[Data entries]
# # #

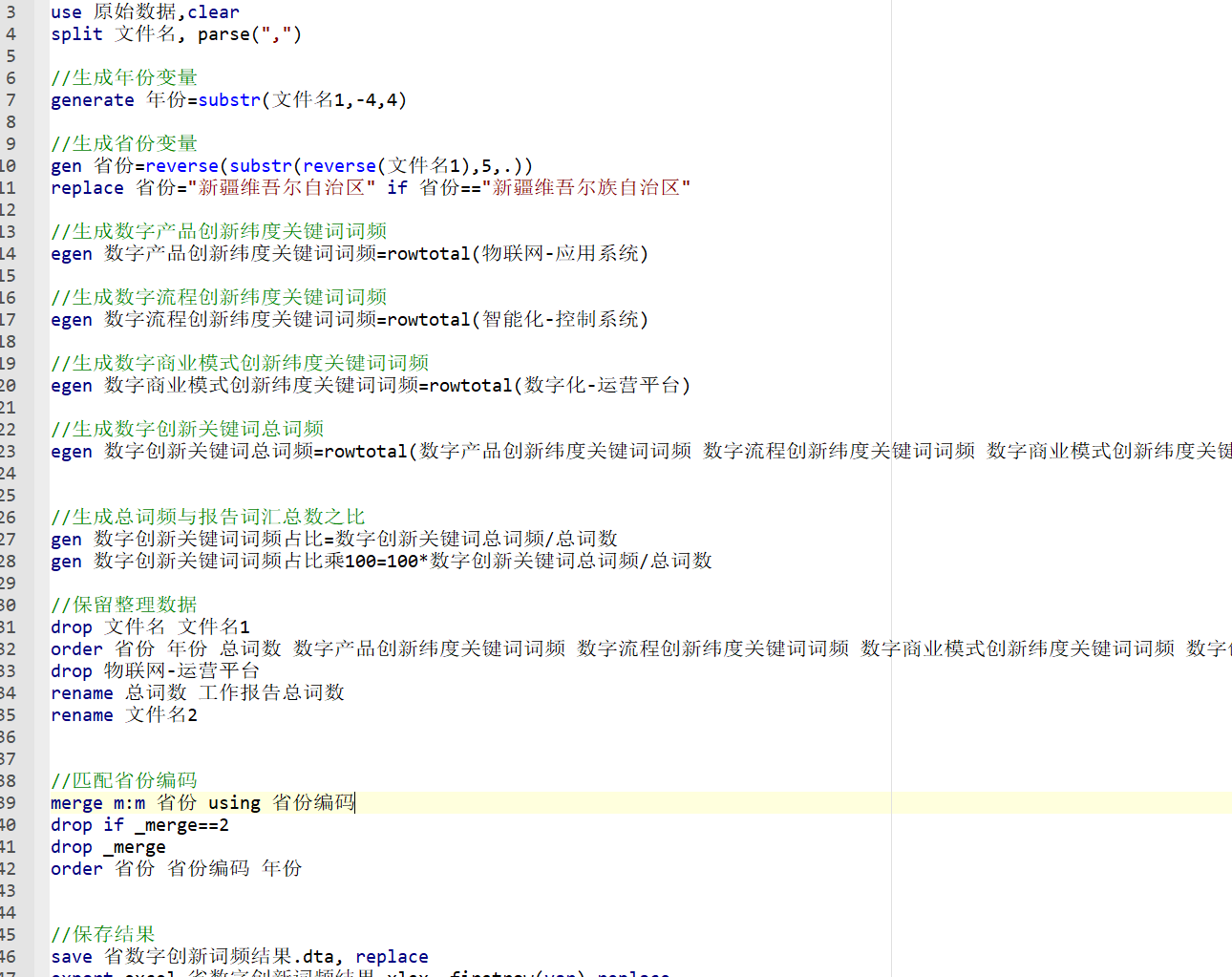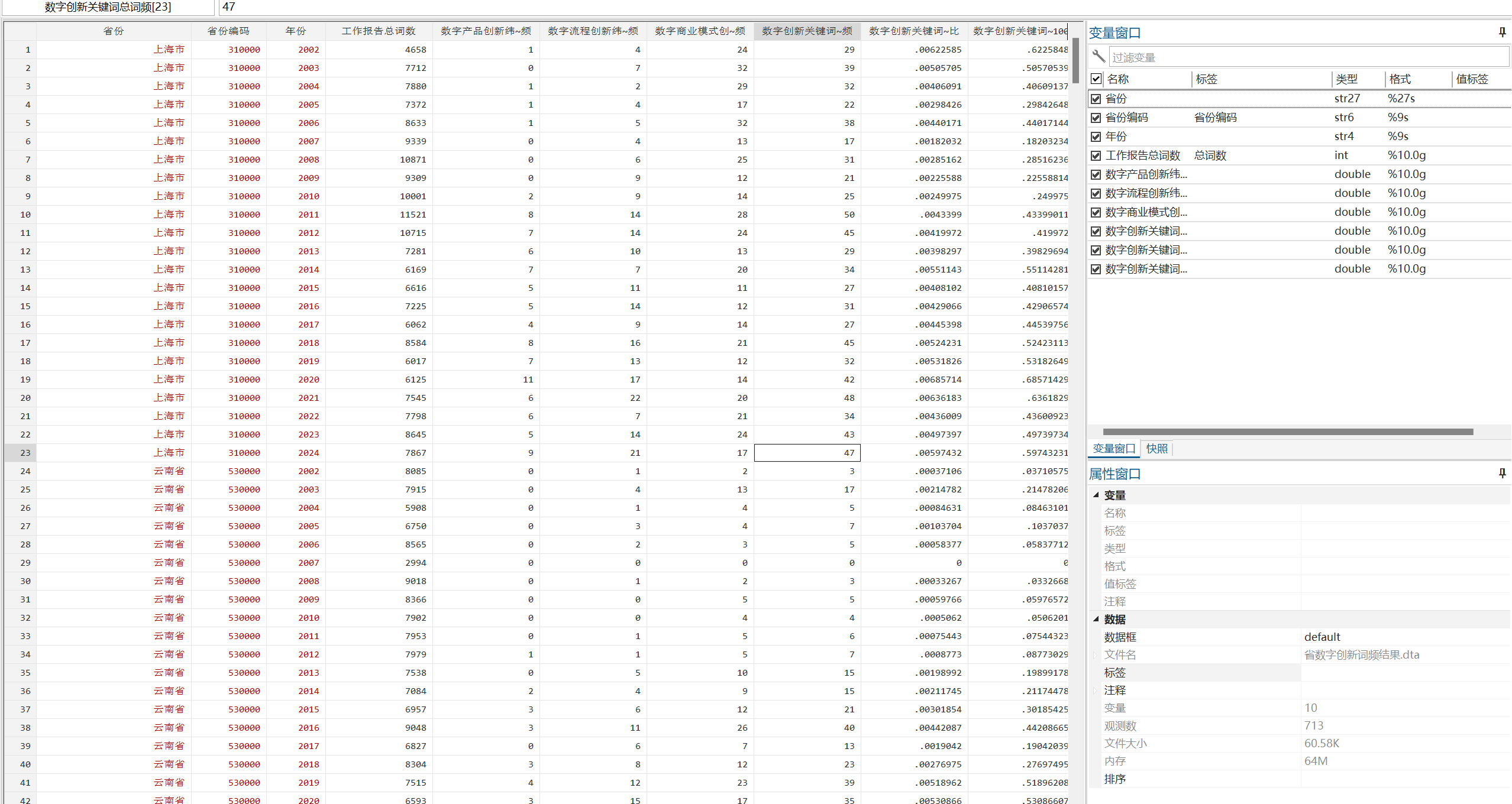 处理说明:原始数据为使用Python对地方政府工作报告进行文本分析后获得(jieba分词,停用词表使用哈工大停用词表),后续使用Stata进行整理,最终形成面板数据形式
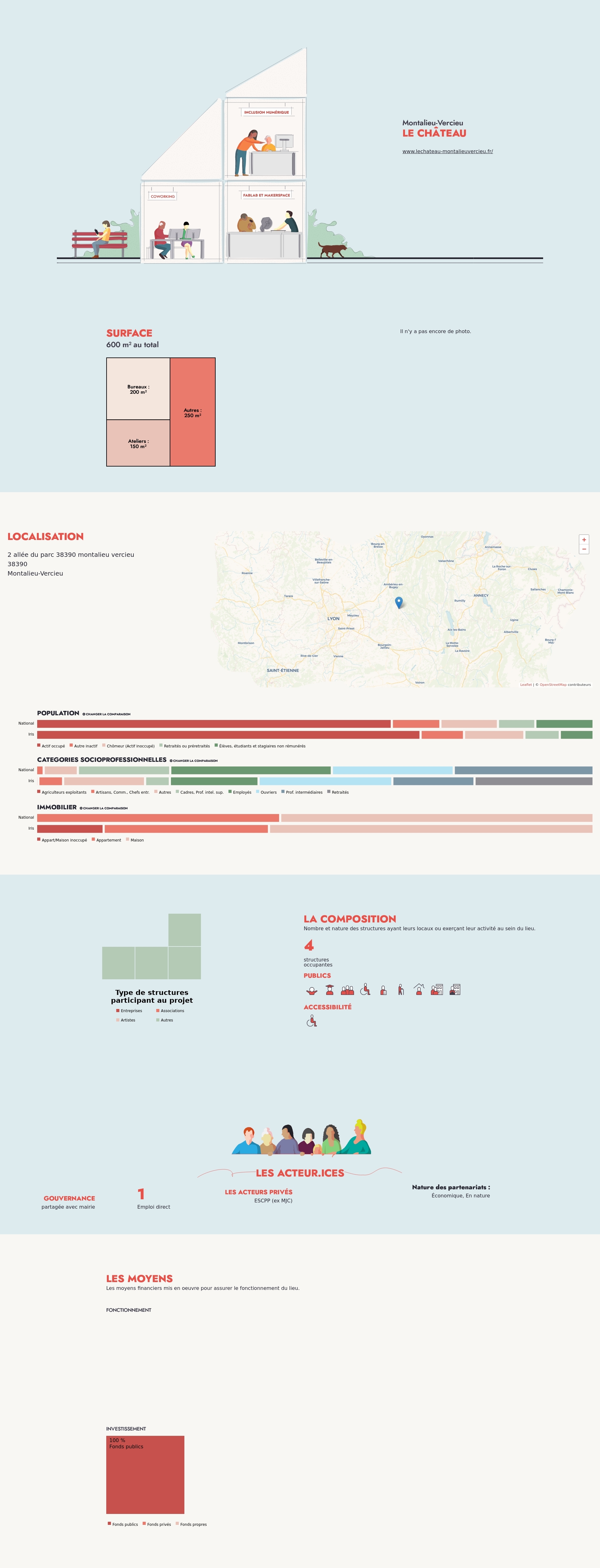 Nombre et nature des structures ayant leurs locaux ou exerçant leur activité au sein du lieu.
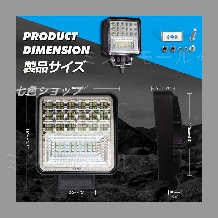 製品仕様:11(L)x11(W)x3(H)CM。LED電力:126W。色温度:6000K-6500K、ホワイト発光。全光束:?8800LM。
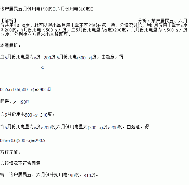 某户居民五、六月份共用电500度,缴电费290.5元.已知该用户六月份用电量大于五月份,且五、六月份的用电量均小于400度,问该户居民五、六月份各用电多少度?
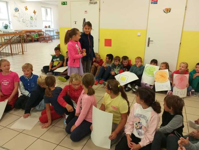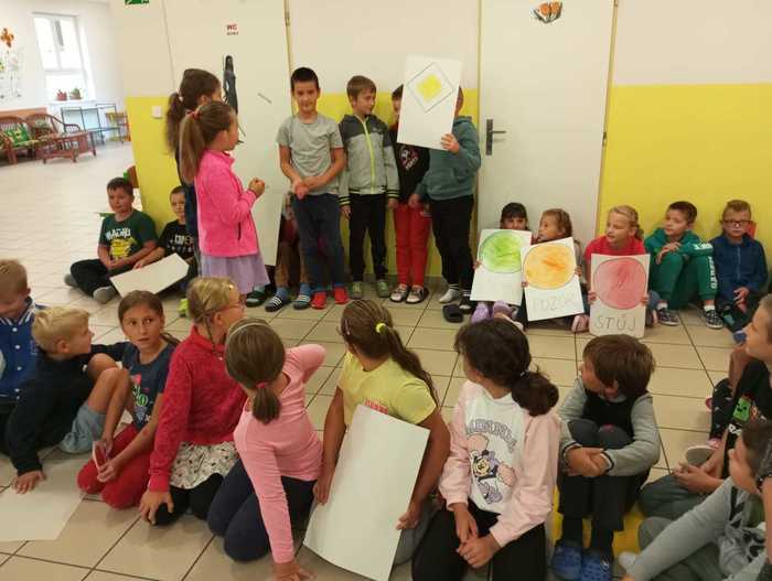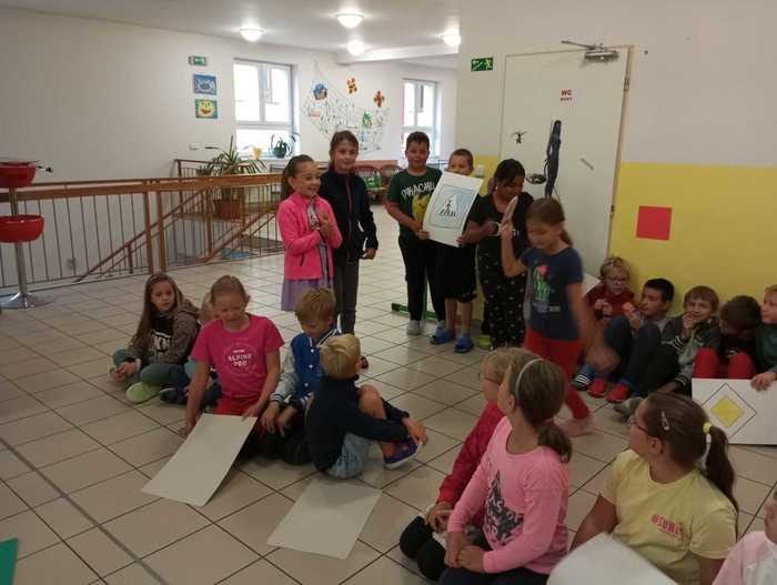 Třeťáci ukázali svým spolužákům, jak chodit bezpečně do školy a jaké už znají dopravní značky.

# # #

▶ **What is expected**: Retype the entries above word for word, minus any images.

▶ **Written answer**:
 处理说明:原始数据为使用Python对地方政府工作报告进行文本分析后获得(jieba分词,停用词表使用哈工大停用词表),后续使用Stata进行整理,最终形成面板数据形式
 Nombre et nature des structures ayant leurs locaux ou exerçant leur activité au sein du lieu.
 製品仕様:11(L)x11(W)x3(H)CM。LED電力:126W。色温度:6000K-6500K、ホワイト発光。全光束:?8800LM。
 某户居民五、六月份共用电500度,缴电费290.5元.已知该用户六月份用电量大于五月份,且五、六月份的用电量均小于400度,问该户居民五、六月份各用电多少度?
 Třeťáci ukázali svým spolužákům, jak chodit bezpečně do školy a jaké už znají dopravní značky.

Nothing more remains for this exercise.